Norman Fischer, poet, priest, teacher, and former abbot of the San Francisco Zen Center, provides the most jargon-free explanation I know of. Among his many activities, Norman teaches in the Metta Institute’s year-long End-of-life Care Practitioner Program (which I completed in 2006) and regularly holds Zen retreats (sesshin, zazenkai) in the Bay Area, Washington State, Mexico, and with the Mountain Rain Zen Community in Vancouver, BC.
“Meditation practice is a powerful way of getting deeply in touch with your life at its most essential level. As you become more in touch with your life at this level, you naturally become more attentive, awake, and attuned to your thoughts, emotions, and inner currents.
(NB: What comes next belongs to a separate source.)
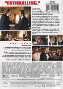 - Deleted Scenes - The Making of Frost/Nixon: Take an in-depth look at all aspects of the production and discover the lengths it took to recreate this historic event for the big screen. - The Real Interview: Footage from the actual interview and how it compares to the way it was reenacted for the film. - The Nixon Library: Discover the materials that have been preserved for public viewing in the Richard Nixon Library, ranging from the "Nixon Tapes" to footage of Nixon visiting China. - Feature Commentary with Director Ron Howard |
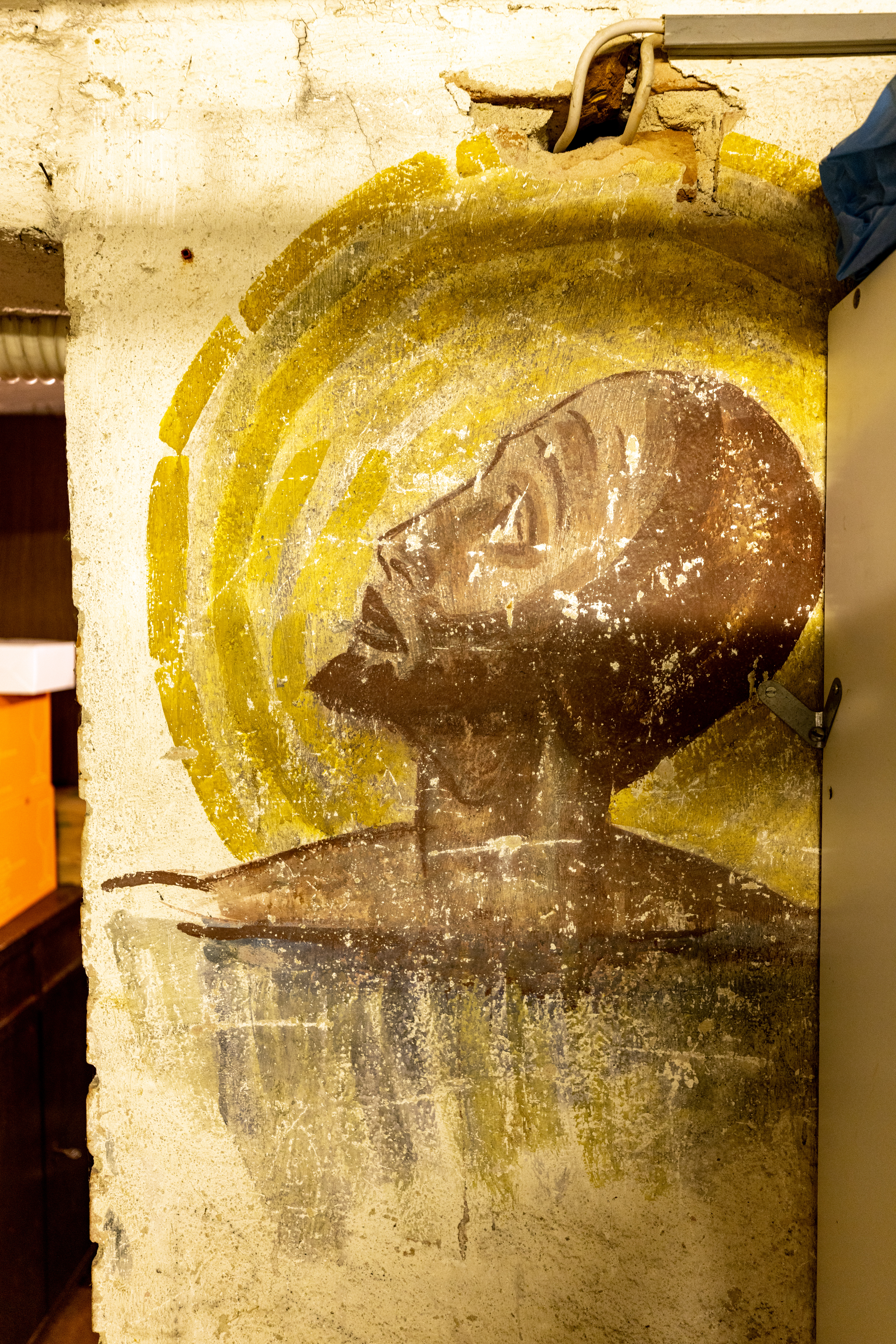 | Beschreibung | Zeichnungen zu Studienzwecken im Keller eines Wohnhauses für das später am Klinikum Fürth in der Kapelle entstandene Wandgemälde in der Kapelle - hier mit dem Gesicht Jesus Christus, Mai 2022 | ||

“Meditation practice is a spiritual process that unfolds with your life. It requires no doctrine or belief system, and it can be adapted to many purposes and systems of thought. In its broadest sense, meditation practice is an approach to life that promotes self-awareness, self-kindness, and self-forgiveness and brings us the clarity to see what we need to do in our lives and the forbearance to stay the course.
“Meditation practice fosters the calmness and balance that enable us to be honest with our emotions and needs without being limited or trapped by them. Meditation practice makes it more possible for us to act out of our deepest, calmest, most accurate selves.”